Recognition of Bed Postures Using Mutual Capacitance Sensing
European Conference on Ambient Intelligence (AmI) <11, 2014, Eindhoven, The Netherlands>
In recent years, mutual capacitive sensing made significant advances in the field of gathering implicit contextual data. These systems find broad usage in pervasive activity-recognition systems, installed stationary or made portable. In the domain of context recognition new ways of interaction with the environment opened up since conductive objects can be detected under certain conditions at distances up to 50 cm. This paper investigates an approach to recognize bed postures using mutual capacitance sensing. The overall goal is to develop a technological concept that can be applied to recognize bed postures of patients in elderly homes. The use of this contextual data may lead to many desired benefits in elderly care e.g. the better prevention of decubitus ulcer, a condition caused by prolonged pressure on the skin resulting in injuries to skin and underlying tissues. For this, we propose a low-cost grid of crossed wires of 48 measurement points placed between the mattress and the bed sheet. The experimental results analyze a set of five lying positions. We achieved for all tested individuals an accuracy of 80.76% and for several individuals of the same bodysize an accuracy of 93.8%.
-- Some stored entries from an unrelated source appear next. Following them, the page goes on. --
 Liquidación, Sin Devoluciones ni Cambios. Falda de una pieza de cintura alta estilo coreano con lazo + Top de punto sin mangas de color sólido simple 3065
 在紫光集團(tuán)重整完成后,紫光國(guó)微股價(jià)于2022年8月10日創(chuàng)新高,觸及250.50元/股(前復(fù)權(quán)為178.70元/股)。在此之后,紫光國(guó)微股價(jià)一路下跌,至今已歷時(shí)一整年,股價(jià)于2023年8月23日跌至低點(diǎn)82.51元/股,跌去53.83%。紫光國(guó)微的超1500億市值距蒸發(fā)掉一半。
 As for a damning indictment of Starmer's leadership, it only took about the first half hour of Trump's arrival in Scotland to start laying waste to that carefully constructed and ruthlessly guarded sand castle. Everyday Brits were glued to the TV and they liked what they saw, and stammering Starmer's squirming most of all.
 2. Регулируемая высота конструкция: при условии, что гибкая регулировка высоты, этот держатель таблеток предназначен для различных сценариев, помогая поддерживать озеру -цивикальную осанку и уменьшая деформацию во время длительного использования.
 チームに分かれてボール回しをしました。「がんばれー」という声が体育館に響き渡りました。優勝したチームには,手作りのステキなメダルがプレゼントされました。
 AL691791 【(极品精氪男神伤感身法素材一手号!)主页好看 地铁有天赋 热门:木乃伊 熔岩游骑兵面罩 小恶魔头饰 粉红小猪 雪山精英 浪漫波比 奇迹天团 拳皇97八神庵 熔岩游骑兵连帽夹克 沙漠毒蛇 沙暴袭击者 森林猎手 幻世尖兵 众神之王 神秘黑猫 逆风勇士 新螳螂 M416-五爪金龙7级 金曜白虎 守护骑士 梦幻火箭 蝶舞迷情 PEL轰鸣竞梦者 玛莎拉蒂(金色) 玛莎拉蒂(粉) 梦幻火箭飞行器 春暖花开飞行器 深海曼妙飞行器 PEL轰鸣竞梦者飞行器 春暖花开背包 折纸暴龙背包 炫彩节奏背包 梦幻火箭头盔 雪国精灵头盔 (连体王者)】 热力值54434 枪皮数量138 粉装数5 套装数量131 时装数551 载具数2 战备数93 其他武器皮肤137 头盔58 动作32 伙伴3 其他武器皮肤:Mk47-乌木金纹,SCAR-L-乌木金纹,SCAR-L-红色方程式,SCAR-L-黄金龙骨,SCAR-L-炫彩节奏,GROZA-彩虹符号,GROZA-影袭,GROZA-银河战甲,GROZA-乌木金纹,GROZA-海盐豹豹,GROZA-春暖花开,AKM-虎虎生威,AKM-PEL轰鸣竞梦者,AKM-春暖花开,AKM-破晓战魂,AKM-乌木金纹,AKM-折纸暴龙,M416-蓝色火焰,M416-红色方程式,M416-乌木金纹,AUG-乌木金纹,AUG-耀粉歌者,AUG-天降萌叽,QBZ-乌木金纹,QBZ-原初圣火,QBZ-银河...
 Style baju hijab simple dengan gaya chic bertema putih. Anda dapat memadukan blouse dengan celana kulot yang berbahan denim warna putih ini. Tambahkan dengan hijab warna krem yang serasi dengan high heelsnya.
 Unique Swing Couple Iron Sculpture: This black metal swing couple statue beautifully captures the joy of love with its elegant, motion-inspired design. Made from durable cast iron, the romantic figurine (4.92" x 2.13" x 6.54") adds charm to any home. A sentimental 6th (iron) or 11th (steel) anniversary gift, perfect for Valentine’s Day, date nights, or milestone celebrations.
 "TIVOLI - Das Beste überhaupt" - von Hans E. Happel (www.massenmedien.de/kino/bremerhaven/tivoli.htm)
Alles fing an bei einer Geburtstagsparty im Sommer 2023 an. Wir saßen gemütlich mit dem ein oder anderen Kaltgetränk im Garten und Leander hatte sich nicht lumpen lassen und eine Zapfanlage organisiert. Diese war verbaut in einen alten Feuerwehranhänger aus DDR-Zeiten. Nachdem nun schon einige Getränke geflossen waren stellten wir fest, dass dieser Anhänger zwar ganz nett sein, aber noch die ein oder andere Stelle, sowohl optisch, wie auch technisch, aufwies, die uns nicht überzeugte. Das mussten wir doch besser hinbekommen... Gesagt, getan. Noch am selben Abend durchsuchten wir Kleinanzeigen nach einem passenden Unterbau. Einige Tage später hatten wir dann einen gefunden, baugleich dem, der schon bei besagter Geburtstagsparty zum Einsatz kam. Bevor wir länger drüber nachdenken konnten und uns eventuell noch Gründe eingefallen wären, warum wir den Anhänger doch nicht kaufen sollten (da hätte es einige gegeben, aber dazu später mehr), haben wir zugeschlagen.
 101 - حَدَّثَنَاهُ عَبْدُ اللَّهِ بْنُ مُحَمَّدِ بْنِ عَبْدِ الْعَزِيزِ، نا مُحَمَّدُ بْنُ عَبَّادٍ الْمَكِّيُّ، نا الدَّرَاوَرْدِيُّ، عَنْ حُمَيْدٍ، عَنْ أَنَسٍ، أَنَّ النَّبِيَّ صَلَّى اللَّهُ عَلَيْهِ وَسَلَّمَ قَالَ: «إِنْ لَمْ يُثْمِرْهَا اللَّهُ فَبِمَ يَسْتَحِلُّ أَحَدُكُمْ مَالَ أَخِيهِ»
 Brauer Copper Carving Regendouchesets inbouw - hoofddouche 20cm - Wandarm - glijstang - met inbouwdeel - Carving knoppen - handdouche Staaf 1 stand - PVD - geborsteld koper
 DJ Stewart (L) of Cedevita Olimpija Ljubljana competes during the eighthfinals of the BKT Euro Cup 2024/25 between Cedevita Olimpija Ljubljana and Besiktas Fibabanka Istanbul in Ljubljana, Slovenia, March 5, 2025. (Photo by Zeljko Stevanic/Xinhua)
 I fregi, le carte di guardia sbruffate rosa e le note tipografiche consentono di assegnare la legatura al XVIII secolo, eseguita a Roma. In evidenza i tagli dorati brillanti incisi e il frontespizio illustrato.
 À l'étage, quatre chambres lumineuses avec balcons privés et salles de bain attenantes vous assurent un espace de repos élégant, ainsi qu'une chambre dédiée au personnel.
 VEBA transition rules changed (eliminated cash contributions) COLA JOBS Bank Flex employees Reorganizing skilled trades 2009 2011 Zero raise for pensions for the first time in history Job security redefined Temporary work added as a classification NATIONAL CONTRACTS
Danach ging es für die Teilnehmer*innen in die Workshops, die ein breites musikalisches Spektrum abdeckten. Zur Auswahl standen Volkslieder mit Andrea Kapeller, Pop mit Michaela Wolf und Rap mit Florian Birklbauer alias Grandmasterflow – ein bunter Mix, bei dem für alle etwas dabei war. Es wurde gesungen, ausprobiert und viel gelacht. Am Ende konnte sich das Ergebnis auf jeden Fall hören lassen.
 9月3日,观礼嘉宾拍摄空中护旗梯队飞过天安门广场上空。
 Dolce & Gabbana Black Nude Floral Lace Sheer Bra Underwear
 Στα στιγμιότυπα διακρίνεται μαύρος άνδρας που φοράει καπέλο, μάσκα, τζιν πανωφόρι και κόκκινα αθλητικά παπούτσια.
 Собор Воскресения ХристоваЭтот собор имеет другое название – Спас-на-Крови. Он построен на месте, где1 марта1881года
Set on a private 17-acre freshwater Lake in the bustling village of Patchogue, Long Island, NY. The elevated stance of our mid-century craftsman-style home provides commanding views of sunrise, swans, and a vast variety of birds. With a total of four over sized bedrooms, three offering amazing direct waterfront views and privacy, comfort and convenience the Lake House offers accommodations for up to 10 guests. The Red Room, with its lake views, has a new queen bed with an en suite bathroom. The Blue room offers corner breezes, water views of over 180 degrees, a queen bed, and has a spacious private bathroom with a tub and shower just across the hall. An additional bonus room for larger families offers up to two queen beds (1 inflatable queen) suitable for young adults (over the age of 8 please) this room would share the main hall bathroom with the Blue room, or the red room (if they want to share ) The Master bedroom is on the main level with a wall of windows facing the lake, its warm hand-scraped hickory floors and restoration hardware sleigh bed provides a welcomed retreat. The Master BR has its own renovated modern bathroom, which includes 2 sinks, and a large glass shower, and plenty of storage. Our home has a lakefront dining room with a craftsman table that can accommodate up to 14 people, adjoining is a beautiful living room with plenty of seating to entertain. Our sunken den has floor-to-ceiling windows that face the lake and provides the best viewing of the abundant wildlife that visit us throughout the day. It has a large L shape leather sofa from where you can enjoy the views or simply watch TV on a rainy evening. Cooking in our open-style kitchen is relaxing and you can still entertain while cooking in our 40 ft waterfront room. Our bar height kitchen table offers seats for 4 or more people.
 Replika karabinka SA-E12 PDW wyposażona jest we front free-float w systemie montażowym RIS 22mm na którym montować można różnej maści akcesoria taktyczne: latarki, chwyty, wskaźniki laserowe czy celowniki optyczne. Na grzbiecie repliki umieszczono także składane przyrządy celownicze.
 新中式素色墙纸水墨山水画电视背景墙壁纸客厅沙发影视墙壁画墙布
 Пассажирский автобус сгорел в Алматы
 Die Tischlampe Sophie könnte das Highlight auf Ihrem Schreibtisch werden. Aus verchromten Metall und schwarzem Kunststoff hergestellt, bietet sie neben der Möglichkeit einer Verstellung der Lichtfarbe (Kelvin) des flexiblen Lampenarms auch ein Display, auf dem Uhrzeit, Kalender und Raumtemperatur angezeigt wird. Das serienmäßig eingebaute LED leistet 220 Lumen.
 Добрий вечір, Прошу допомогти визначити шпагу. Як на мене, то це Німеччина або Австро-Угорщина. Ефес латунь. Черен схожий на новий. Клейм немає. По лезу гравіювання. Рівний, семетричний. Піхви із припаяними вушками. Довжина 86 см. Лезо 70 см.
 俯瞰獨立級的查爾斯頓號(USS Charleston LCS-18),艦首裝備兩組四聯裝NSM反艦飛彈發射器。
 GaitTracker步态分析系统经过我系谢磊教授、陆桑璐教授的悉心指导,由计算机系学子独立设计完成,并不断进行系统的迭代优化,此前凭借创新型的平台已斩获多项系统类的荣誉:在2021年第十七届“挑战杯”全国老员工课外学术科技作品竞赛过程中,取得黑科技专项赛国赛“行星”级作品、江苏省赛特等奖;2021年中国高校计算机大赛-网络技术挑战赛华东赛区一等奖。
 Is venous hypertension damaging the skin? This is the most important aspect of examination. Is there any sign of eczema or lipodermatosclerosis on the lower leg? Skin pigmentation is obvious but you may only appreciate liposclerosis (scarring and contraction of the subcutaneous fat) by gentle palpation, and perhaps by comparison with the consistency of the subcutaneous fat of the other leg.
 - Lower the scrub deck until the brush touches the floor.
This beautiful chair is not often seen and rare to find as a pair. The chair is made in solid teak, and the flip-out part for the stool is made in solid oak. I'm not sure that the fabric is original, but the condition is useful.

Recognition of Lying Postures Using Capacitive Proximity Sensing
Darmstadt, TU, Master Thesis, 2013
In recent years, capacitive proximity sensing made significant advances in the field of gathering implicit contextual data. These systems find broad usage in pervasive activity-recognition systems, installed stationary or made portable. In the domain of context recognition new ways of interaction with the environment opened up since conductive objects can be detected under certain conditions at distances up to 50 cm. This master's thesis investigates an approach to recognize lying positions using capacitive proximity sensing. The overall goal is to develop a technological concept that can be applied to recognize lying postures of patients in elderly homes. Using this contextual data may lead to many desired benefits in elderly care. For example, the occurrence of Decubitus, a condition caused by prolonged pressure on the skin resulting in injuries to skin and underlying tissues, can be avoided better by knowing how the patient is bedded. In order to achieve a desired high resolution, the multiple access schemes CDMA and FDMA are investigated as a basis for capacitive proximity measurements. For this purpose CDMA has been implemented using Gold Codes while the correlation serves the purpose of a measure. In a test setup measurements for CDMA and FDMA have been conducted. They lead to the conclusion that at close distances FDMA has a slightly better spatial resolution than CDMA but as the distance increases the spatial resolution of FDMA will be twice as high as the one of CDMA. The real-world setup achieves a resolution of 48 measurement points, by applying a low-cost grid of crossed wires under the slatted frame of a bed. The experimental results show that the presented approach and the decisions derived from the evaluation of multiple access schemes lead to a well-suitable system for recognizing lying postures.